Work order: When writing out the entries below, keep only the lines from the line with "这是青年枢纽船闸主体首个结构段封顶" to the line with "We left the", both included, exactly as they are, and leave the pictures aside.

Task material:
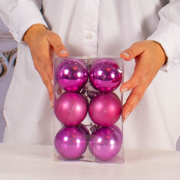 Contine: Set de 72 globuri de sticla roz lucios-mat 3 cm
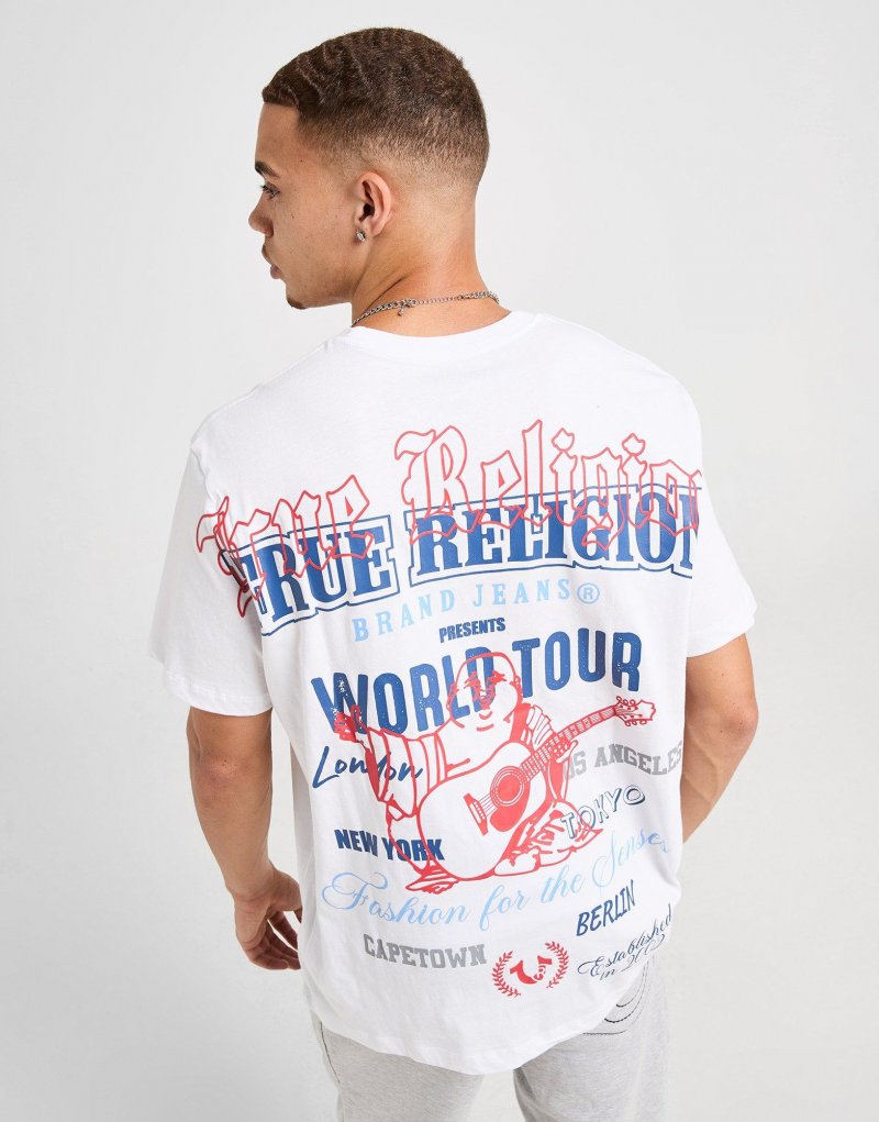 Bringen Sie mit diesem Herren-T-Shirt mit Multi-Logo-Rücken von True Religion einen lässigen Streetstyle in Ihre Garderobe. Das locker geschnittene T-Shirt in Weiß ist aus weicher Baumwolle gefertigt und sorgt für langanhaltenden Tragekomfort. Der gerippte Rundhalsausschnitt und die kurzen Ärmel sorgen für ein bequemes Tragegefühl, während die leicht überschnittenen Schultern für einen entspannten Tragekomfort sorgen. Das True Religion-Logo auf der Brust und ein „Word Tour“-Grafikdruck auf dem Rücken runden das Design ab. Maschinenwaschbar. | Unser Model ist 1,83 m groß, hat einen Brustumfang von 96 cm und trägt Größe M.
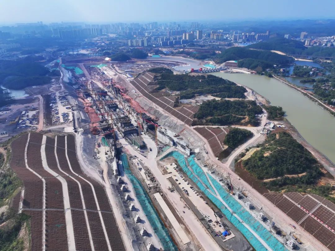这是青年枢纽船闸主体首个结构段封顶
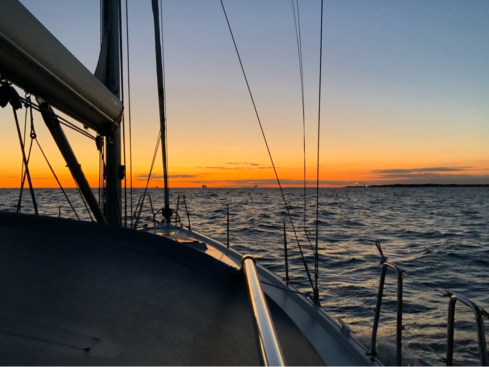 We left the anchorage at Old Point Comfort Point Hampton, VA well before sunrise. The trip to Beaufort is 32-36 hours—depending on our speed—and we want to get to the marina while it is open. We were exiting the Chesapeake Bay just before sunrise. There was quite a bit of ship traffic in the area so I stayed just out of the channel to make sure I was out of their way. This afternoon we heard someone on the VHF radio calling from a Naval plane to boats which were sailing many miles offshore. He asked them to change course for 40 to 70 miles to avoid a live fire area. We were quite happy to not be near there!
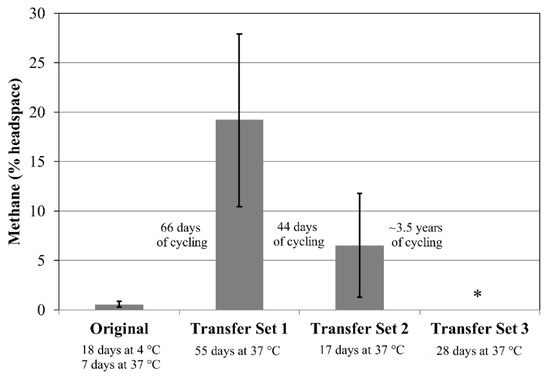 For M. wolfeii, three cultures produced an average of ~28% methane following the initial incubation period of 18 days at 4 °C followed by 7 days at 55 °C. In Transfer Set 1 for M. wolfeii, the three cultures failed to produce methane following inoculation from the Original Set following 55 days at 37 °C. After an additional 14 days at 55 °C, methane production resumed ranging between 4% and 19% for the three replicates, resulting in the large error bar seen in Figure 5. In Transfer Set 2, of the five cultures for M. wolfeii, two produced 22–25% methane after the initial incubation period (17 days at 55 °C), while the other three produced 6–11% methane, resulting in a large error bar for this set as shown in Figure 5.
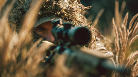 Camouflaged sniper in ghillie suit aiming with assault rifle from concealment in tall grass
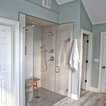 Design ideas for a large classic ensuite bathroom with shaker cabinets, grey cabinets, a freestanding bath, a built-in shower, a one-piece toilet, white tiles, metro tiles, blue walls, porcelain flooring, a submerged sink and engineered stone worktops. — Houzz
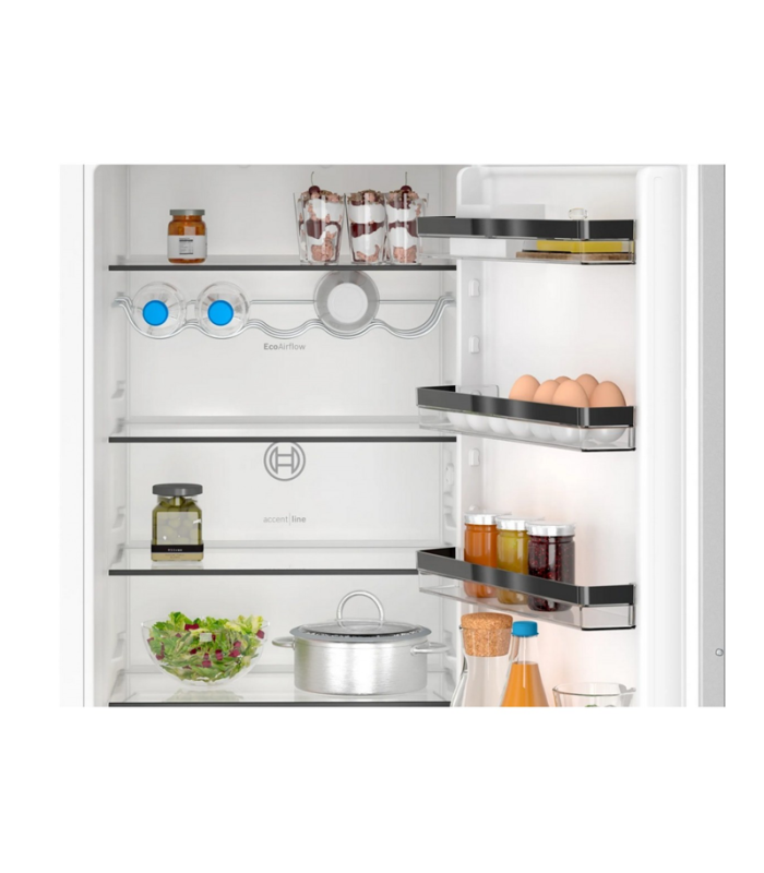 <p style="text-align:justify;"><strong>Seeria 4, suur integreeritav külmik-sügavkülmik.</strong><br /><strong>Integreeritud XL</strong><br />Lisakõrgus annab rohkem ruumi!Kas külmikuruum kipub otsa saama? Meie integreeritud XL külmik tuleb appi. Võrreldes tavalise integreeritud sügavkülmikuga, annab 11% lisaruumi kindluse, et sul ei jää enam kunagi ruumi puudu. Tänu eriti kõrgele disainile saad hoiustada rohkem asju, ilma lisaruutmeetreid hõivamata. Ei täistopitud riiulitele, rohkem ruumi sinu lemmiktoitudele ja -jookidele.<br /><strong>VitaFresh XXL <0 °C></strong><br />Rohkelt ruumi värsketele saadustele. Ruumikas VitaFresh XXL < 0 °C> süsteem pakub värskele toidule ideaalset säilituskeskkonda. Liha ja kala on võimalik hoida madalamal temperatuuril ning kohandatavate tingimustega sahtlis püsivad puu- ja köögiviljad tõeliselt värsked.<br /><strong>NoFrost</strong><br />Sügavkülmikut ei ole vaja enam kunagi sulatada. Sügavkülmiku sisemuses ühtlaselt ringlev kuiv külm õhk takistab jää moodustumist, mistõttu jääd ei kogune ei tagaseinale ega ka sahtlitesse. NoFrost on ülimalt mugav, kuna te ei pea enam kunagi sügavkülmikut sulatama.<br /><strong>Eco Airflow</strong><br />Püsiv temperatuur aitab tagada värskuse kauemaks.<br />Ebaühtlane temperatuur külmikus võib mõjutada toidu maitset ja säilivust.Eco Airflow aitab niiskust ja temperatuuri ühtlaselt jaotada, et toit püsiks kauem värskena.<br /><strong>Hoiatusheli</strong><br />Kui uks ei ole suletud või tekib mõni muu tõrge, antakse sellest märku hoiatusheli või valgusega.<br /><strong>Eriti kindlad ukseriiulid.</strong><br />Ukseriiulite evolutsioon. Tänu kõrgematele äärtele mahutavad optimeeritud ukseriiulid rohkem ning on stabiilsemad. Välja kukkuvad ja ümber minevad asjad, näiteks väiksed purgid ja pudelid jäävad minevikku. Tänu unikaalsele tootmistehnoloogiale ja riiulite elegantsele värvile on need ilusad.<br /><strong>2 jahutussüsteemi</strong><br />Kaks jahutussüsteemi kiiremaks jahutamiseks. Kahe jahutussüsteemiga seadmetes saab kiiremaks jahutamiseks külmiku ja sügavkülma eraldi seadistada. Lihtsasti kasutatav juhtimissüsteem lubab temperatuure eraldi seadistada.<br /><strong>LED-valgustus</strong><br />Hoia oma toidukaup hästi nähtaval. LED-valgustusega ei jää sul külmkapis miski märkamatuks. Kauakestvad, energiasäästlikud LED-lambid valgustavad eredalt ja ühtlaselt kogu kapi sisu, nii et näed kõike selgelt. Kui külmikus on Home Connect tehnoloogia, saad LED-valgustust läbi äpi kontrollida. Lülita valgustus läbi mobiiltelefoni sisse ja välja või muuda selle eredus endale sobivaks. Ära koba pimeduses - uuenda oma külmik LED-valgustusele juba täna.<br /><strong>Superjahutus</strong><br />Külmik, mis oskab lahe olla. Superjahutuse funktsiooniga saad lühikeseks ajaks enne poes käimist külmiku temperatuuri langetada. See tagab, et su värske toidukaup püsib õigel temperatuuril. Ühe nupuvajutusega saad temperatuuri langetada kuni 2 kraadini. Ebavajaliku energiakulu ärahoidmiseks lülitab funktsioon tavarežiimile tagasi 6-15 tunni jooksul. Kui sinu seade on ühendatud, saad Superjahutuse funktsiooni seadistada Home Connect äpi kaudu.<br /><strong>VitaFresh XXL</strong><br />Eriti palju ruumi puu- ja köögiviljade kauem värskena hoidmiseks. VitaFresh XXL sahtel pakub tänu reguleeritavale temperatuurile ideaalset säilituskeskkonda kogu sinu värskele toidule. Sahtli temperatuuri saab reguleerida, et sinu puu- ja köögiviljad võimalikult kaua värskena püsiksid.<br /><strong>Elektrooniline temperatuurikontroll</strong><br />Külmkapp, mis pakub täiuslikku täpsust. Unusta külmunud salat ja kahtlase värskusega liha ning naudi täpselt jahutatud toitu. Elektroonilise temperatuurikontrolli abil saad valida täpse külmkapi temperatuuri ning seda igal ajal elektrooniliselt kuvalt kontrollida. Kui sinu seade on ühendatud Home Connect funktsiooniga, ei pea sa isegi kodus olema, et temperatuuri äpi kaudu reguleerida ja toidu täiuslikku värskust säilitada. Vot see on midagi lahedat.</p>
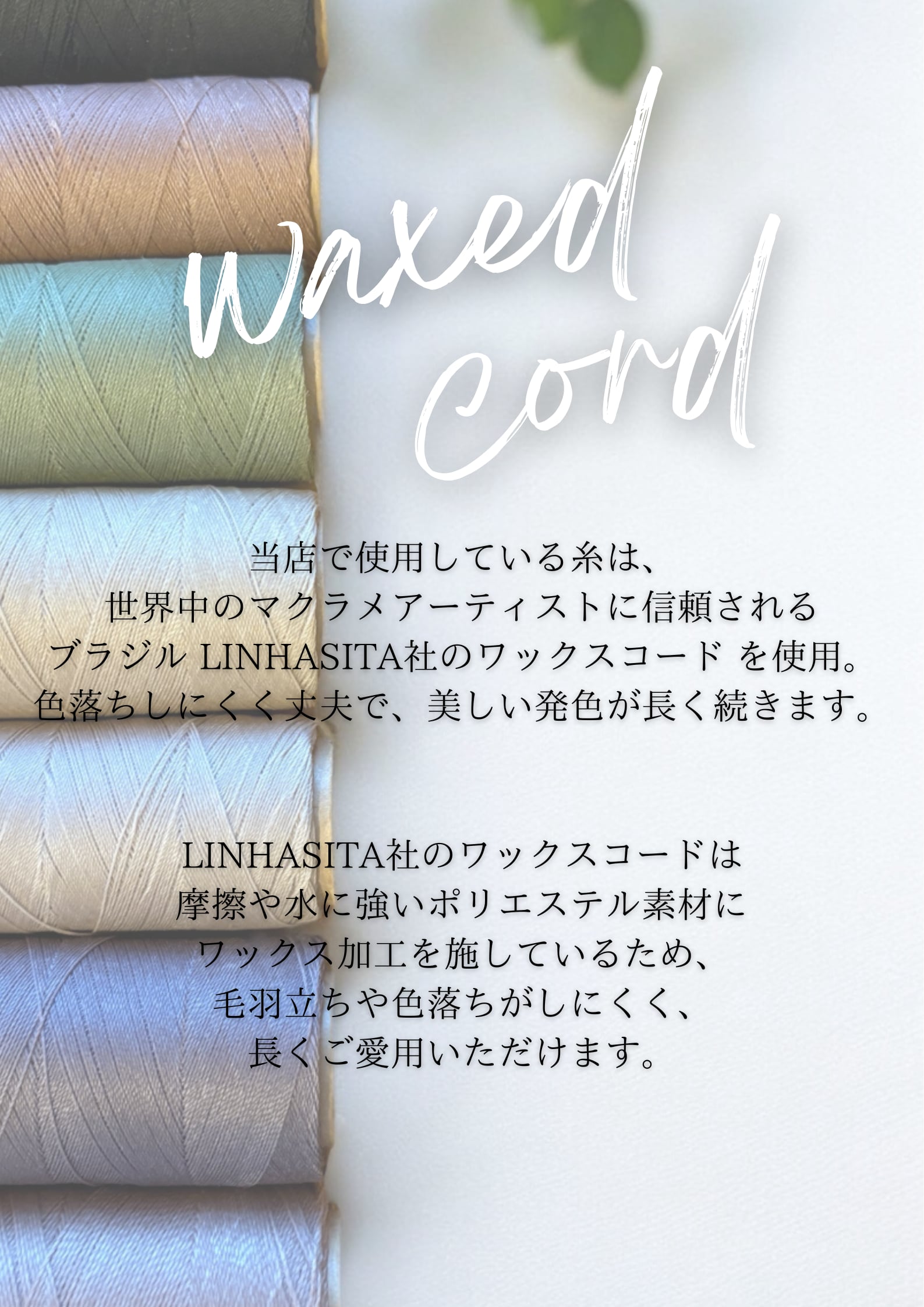 使用コード:ブラジル製「LINHASITA」の極細マクラメコード
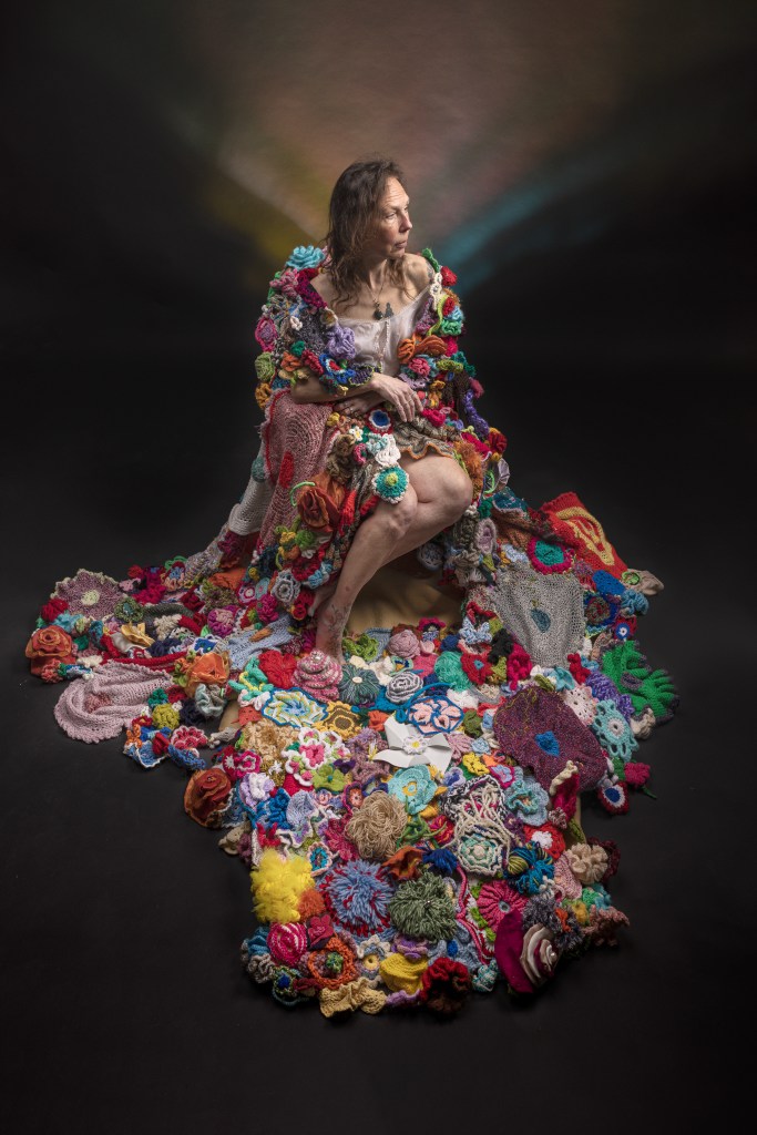 Tijdens Open Ateliers Vlaardingen in 2022 exposeerde ik samen met fotograaf en muzikant Richard Beukelaar. Dat weekend werd het al snel duidelijk dat we zouden gaan samenwerken. De magie was er. Cora van der Zijde bezocht diezelfde expositie en liet toen weten dat ze zich wel in het bloemenkleed ‘Samen breien we het voor elkaar’ wilde wikkelen. Toen wist ze nog niet dat dat op 16 april 2023 echt ging gebeuren, met deze foto als resultaat.
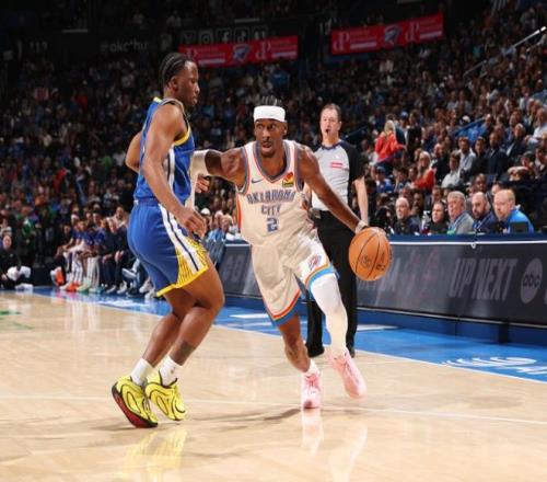 此后雷霆依靠杰林和多特繼續外線轟炸,伊塞亞喬和華萊士輪流強攻。不過佩頓和波杰姆斯基帶隊再度迫近,桑托斯命中三分后,勇士追到只差1分。但節末麥凱恩突然外線發炮,聯合肯威守住領先,第一節雷霆34-28勇士。進入第二節,波杰和波神內突外投,再度追到只差1分,維金斯吃餅,亞歷山大造三分犯規,勇士防守真罕見,陣地戰防守,三分線內竟然沒人!為了夾擊亞歷山大,全部拉到三分線外!伊塞亞喬和肯威打停勇士,桑托斯內突外投回應。后半段杰林+麥凱恩+多特又下三分雨。

Problem solution:
这是青年枢纽船闸主体首个结构段封顶
 We left the anchorage at Old Point Comfort Point Hampton, VA well before sunrise. The trip to Beaufort is 32-36 hours—depending on our speed—and we want to get to the marina while it is open. We were exiting the Chesapeake Bay just before sunrise. There was quite a bit of ship traffic in the area so I stayed just out of the channel to make sure I was out of their way. This afternoon we heard someone on the VHF radio calling from a Naval plane to boats which were sailing many miles offshore. He asked them to change course for 40 to 70 miles to avoid a live fire area. We were quite happy to not be near there!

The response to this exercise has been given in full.